In 1187, the army of Saladin, the Ayyubid sultan of Egypt and Syria, recaptured Jerusalem for the Muslim world by defeating the Christian Crusaders at the Battle of Hattin in Galilee. Under the Hohenstaufen Emperor Frederick II, the Crusaders briefly retook Jerusalem in the Sixth Crusade (1228–1229), but the trend was irreversible, and by 1244 the City of David had been permanently lost to the Muslims. This reverse, followed by further defeats and the later catastrophe of the bubonic plague, fostered a fertile ground for the spread of legends such as that of the Emperor Prester John.
Ruler of a vast empire, Prester John had been expected to fight on the side of the Crusaders. Manuel Commenus, the Byzantine Emperor, had received a letter to that effect, and Pope Alexander III reportedly replied to it in 1177, but received no answer. However, the legend of Prester John ruling over a fabulous empire spread like wildfire across a credulous world; and when no such empire was found in one country, the location of his dominion shifted to another, and eventually to the Christian kingdom of Ethiopia in Africa. The emperor was described as a splendid ruler, long-lived and immune to affliction, who drank from a fountain that restored youth and ate from a magical table that replenished itself. His subjects, also benefitting from the fountain, lived for extraordinarily long periods, two to three centuries in some cases. The emperor owned forests of pepper, cinnamon, cloves, and ginger, which in medieval pharmacology were vital medicines that protected against disease and death.

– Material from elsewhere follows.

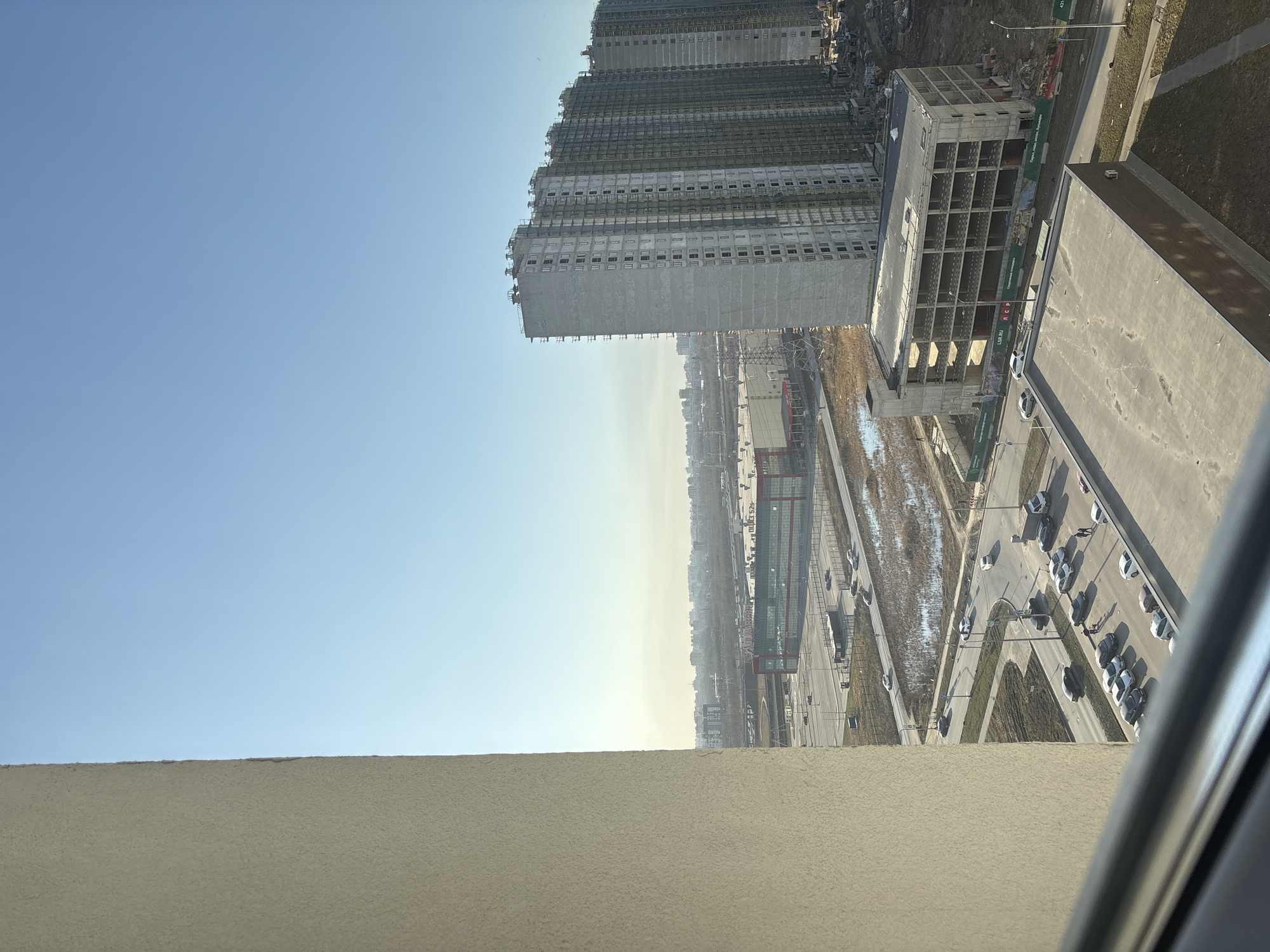 The image presents a high-angle, panoramic view of a developing urban area in Vsevolozhsk, Russia, under a clear, light blue sky with a distant hazy horizon. The perspective is from an elevated position, likely a high-rise building, with a textured, light-colored building wall obscuring approximately one-third of the left frame and a dark railing visible at the bottom. In the midground, a prominent complex of several tall, multi-story concrete residential buildings is under various stages of construction on the right side of the frame. Scaffolding is extensively visible on their facades, some windows are unglazed openings, while others are installed. To the left of these residential structures, further in the distance, is a large, red and gray commercial building with extensive flat roofs and an associated large, partially empty asphalt parking lot. Text, partially legible as "525-", is visible on its roof. Below the construction complex and to the right of the foreground wall, a four-story, bare concrete shell building, possibly a parking garage or commercial structure, is under construction. Green construction fencing, marked with "LSR.RU" and Russian text, encircles this building. In the immediate lower foreground, to the right of the wall, is the flat roof of another building. Multiple asphalt roads crisscross the scene, featuring moving vehicles and parked cars, predominantly light-colored passenger sedans, along shoulders and in parking areas. A white delivery van is parked on one street. Several individuals are visible on foot: two on a sidewalk near parked cars in the lower foreground, and one walking near a muddy, water-filled depression adjacent to the distant commercial building. The ground consists of dry, brown earth, patches of sparse vegetation, and several muddy puddles or small bodies of water. Construction debris and bare earth are visible around the active building sites. Distant urban infrastructure and a hazy skyline are present on the far horizon.

The story of Prester John was also published in a book allegedly written by the Englishman Sir John Mandeville around 1366, believed to be a plagiarism of earlier French authors. The book describes the emperor as also being a Christian priest, with ancestors including one of the three Magi as well as the queen of Sheba. His empire was vast, with 72 dependent kingdoms. He possessed massive military power and untold wealth. The sultan of Cairo paid him tribute for his power to change the course of the Nile. Rivers running with gemstones coursed through his realm, and he had a table of emerald at which thirty thousand guests dined daily. The emperor possessed many “noble cities and good towns in his realm”, and many great and diverse islands, “all very good and very rich”, with cloths of gold, silk, spices, and all sorts of valuable precious stones.
The search for this mythical king later motivated Portuguese maritime explorations in the 15th and 16th centuries, with King Manuel I of Portugal seeking to discover new riches and territories. Reflecting the limited knowledge of the time, the legend of Prester John needs to be seen not merely as a curiosity of medieval credulity, but as the story of a susceptible population looking for help. The myth of Prester John spread as one of the most widely copied documents of the medieval period, translated into dozens of languages and disseminated across pious monasteries, among learned scholars, and to the royal courts of Europe.